Tuesday, August 18, 2009

Airport Security... How I do Love Thee...

I feel the need to complain. I was at Suvarnabhumi airport in Bangkok and if you were there early Friday morning, August 15, 2009, you would have found me at gate E9 both waiting for my flight to board and also fuming at the incredibly ridiculous rules one is subjected to if one is attempting air travel. As I often do. And to top it off, I had been up for over twenty-four hours. I had been at the airport for about seven hours, and in spite of having had a yummy breakfast of a Whopper with Cheese menu from Burger King, I was not in the best of moods. If I were a woman, you might even say I was PMS-ing.

I have had it to here, HERE I say, with airport security rules. I don’t understand them.
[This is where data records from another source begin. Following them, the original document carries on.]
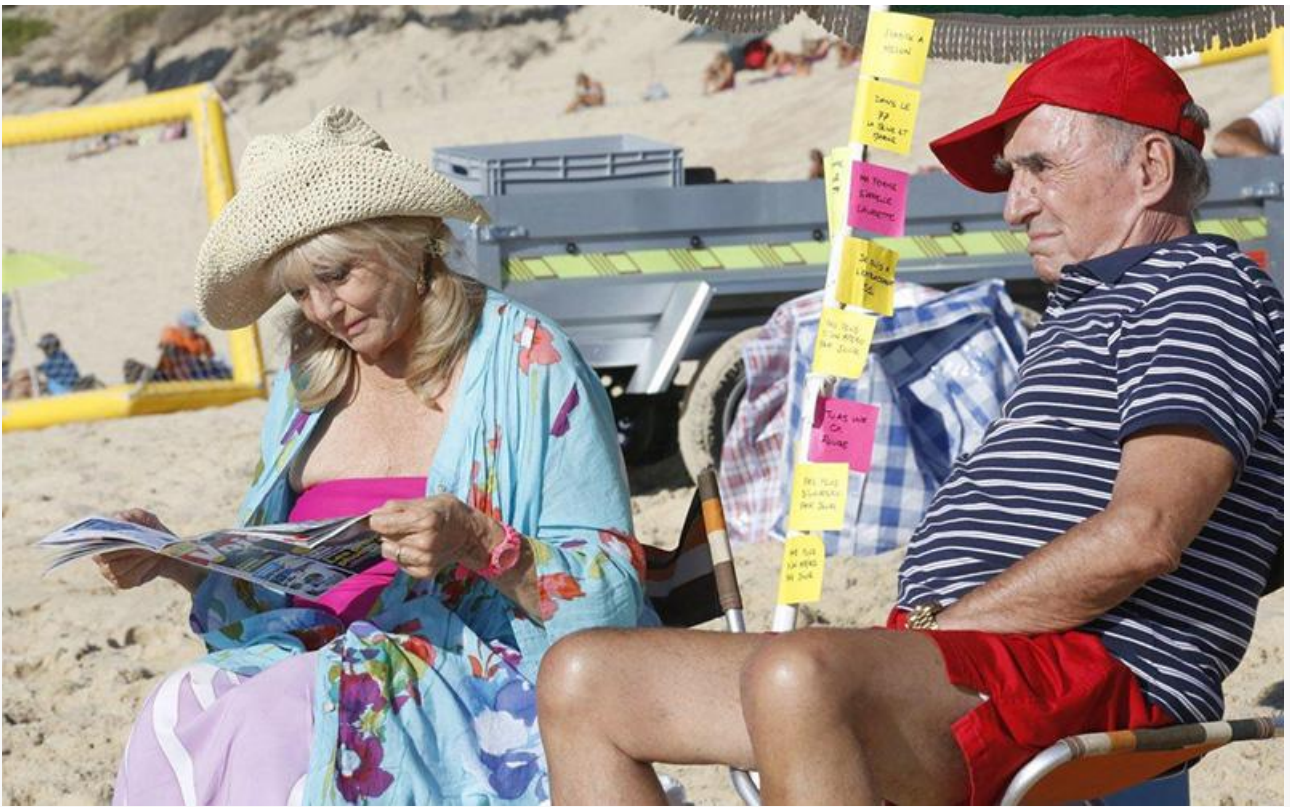
Лоретт Пик в фильме «Кемпинг 3», 2016 год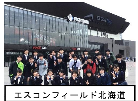
エスコンフィールド北海道

5月17日(水)には、その内容や成果を発表するために、修学旅行報告会を実施しました。5～8年生の児童生徒や9年生保護者など、たくさんの方々に聞いていただくことができました。その中で、今まで積み重ねてきたプレゼンテーションの力を、十分に発揮することができました。また、今回の取組を通して、自分たちはたくさんの方に助けられ、支えられているということ、9年生は実感したと思います。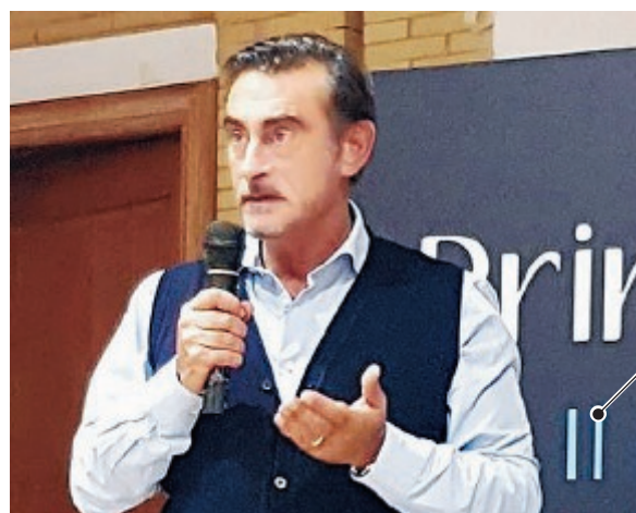
Il deputato di Fratelli d'Italia Marco Silvestroni

Il Governo si impegnerà a valutare l'opportunità di mettere in sicurezza la Pontina, nel presupposto che vengano rinvenute le necessarie risorse finanziarie a copertura degli oneri. Questo è quanto previsto nell'ordine del giorno presentato dal deputato Marco Silvestroni e approvato dalla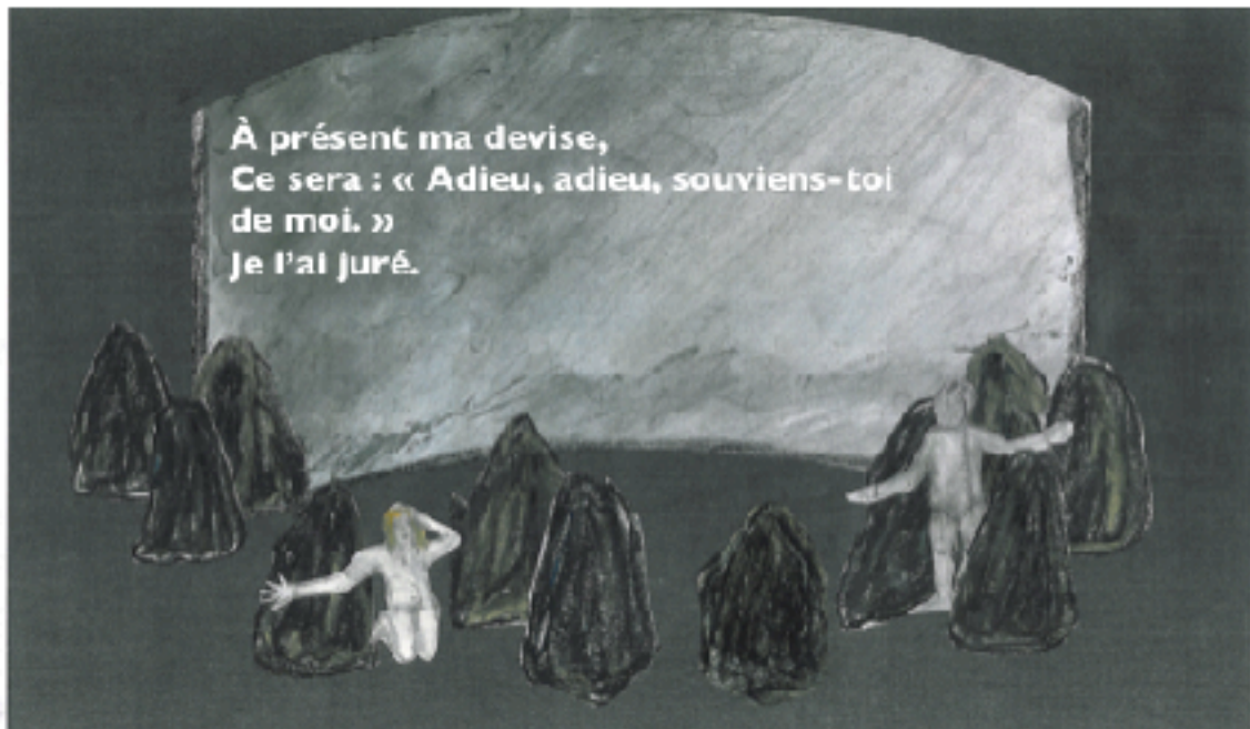
Croquis scénographique avec projection de la traduction

En fond de scène, sur un écran tendu sur un ou deux portants (en fonction des salles) concaves ou convexes de 3m de large, de 2,50m de hauteur pour l'un et de 2,90m pour l'autre. La traduction des monologues d'Hamlet sera projetée sur le décor lui-même, lorsqu'ils seront interprétés en anglais, le reste du texte restant en français.

Yes, I have seen the signs and I don’t pack ice-skates, axes, canisters of petrol, semi-automatic weapons, kerosene, or even leaf blowers in my carry-on luggage. I know better than that. I’m a safety boy and a good little traveler. But I did happen to have a glass, a real live breakable glass beer mug from Myanmar in my carry-on. In fact, I only had the one backpack, so everything I had with me was destined to be stowed away in the overhead bin.

Anyone who flies knows that the laptop has to come out and be scanned separately, belts tend to be removed, pockets get emptied and any liquid or gel goes into the clear plastic baggies available at the security check for “your convenience”. I would like to know who decided it was convenient for me, because I would like to give them a little cuddle.

So I get to the security check and get asked if I have any liquids. The first thing I pull out is my over-priced waterproof, and it REALLY is waterproof and didn’t once melt into my eyes, sunblock I bought on Ko Samet. I don’t want it as a souvenir, but like most things on an island it was triple the normal price. And as I am quite small, I used only a portion of it. It got confiscated. Why? Because it is in a container of over 100 milliliters. 125ml to be exact. She looked at me as if I had some dastardly plan cooking, to sunblock myself at 36,000 feet.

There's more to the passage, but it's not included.